Dustin Penner spent the entirety of his regular season time with the Kings putting up numbers that only Kevin Westgarth would envy. In the playoffs, he  managed to develop some chemistry with Richards and Carter, putting up what would amount to a 45 point regular season if maintained. This loveable lumberjack would happily return to the Kings, saying that he would even take a pay cut from his $4.5 million cap hit in order to remain with the 2012 Stanley Cup Champions (Say it again). That’s good, because no team in their right mind is paying Dustin Penner $100,000 per point. With sweet, responsible, LA loving Simon Gagne back in the fold and fully recovered, in good shape, ready for some action, Penner must make good on this pay cut in order to remain with the team. Considering that Dustin Brown (Who wears the C, consistently puts up 20-30 goals, 55-60 points, is within the top 3 in the league in hits per season every season, and has drawn the most penalties in the league since the lockout) makes $3.175 million per season, Penner shouldn’t expect more than $2.75 million per season, or 3 if Lombardi is feeling generous.

Dustin Penner is a moot point if the Kings can pry Parise from New Jersey (Is there a better pitch than “Don’t you wish you were lifting that shiny cup over your head instead of watching?”?). Boy, a Parise-Richards-Carter line has me salivating. Seriously. And as a second line? Talk about a party. What this does is leave enough money for Quick with little left for other signings, forcing  Lombardi to part ways with both Penner and Stoll, who is also an unrestricted free agent. With Parise in the lineup, and if Lomardi chooses to resign Fraser, which would be a good idea, as he is a key component of the fourth line and could likely be resigned for cheap, the lineup would look something like this:

Brown – Kopitar – Williams

Parise – Richards – Carter

Gagne- Loktionov – Lewis (Or potentially Gagne – Lewis – Toffoli, which looks like a pretty sexy third line to me)

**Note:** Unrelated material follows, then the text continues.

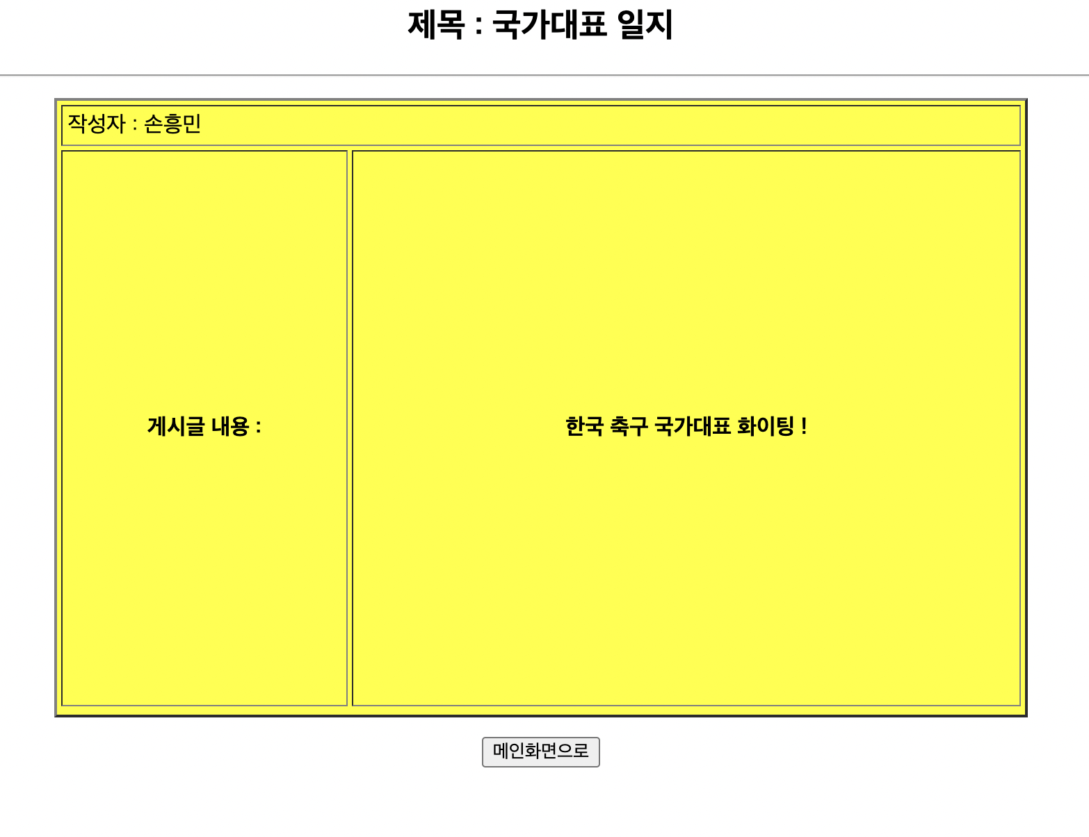 위의 이미지처럼 제목과 작성자 및 게시글의 내용을 확인할 수 있는 간단한 테이블로 이루어진 jsp 페이지가 나타나게 되며 메인화면으로 버튼을 클릭하였을 경우 메인 페이지인 noticeList.jsp로 넘어가게 된다.

There would be a kind of logjam on the fourth line, as King and Clifford are left wingers who slot in lower than Gagne, Fraser and Richardson are both centers, though Fraser wins that battle every time in my mind, and Nolan pushes Westgarth and Richardson both out of the right wing slot. I think that a line with both King and Nolan is too heavy though and, strangely enough, I would keep Nolan in while sending King down to Manchester, as Clifford slots in better to the left wing slot than Westgarth or Richardson do to the right wing. In this case, the fourth line would look like this:

Clifford – Fraser – Nolan

This is as titillating a lineup as I’ve seen, though it relies on Lombardi being able to sign Parise. In the case that he can’t, (And it may just be the Kings fan in me, but I tend to expect Lombardi to go in full pursuit of the best free agent on the market and lose out. It doesn’t help that the Devils are involved) the Kings should resign Penner if he will sign for $2.75-3 million, even if only for a couple of years. If not, Gagne moves up to the second line and King gets third line duty.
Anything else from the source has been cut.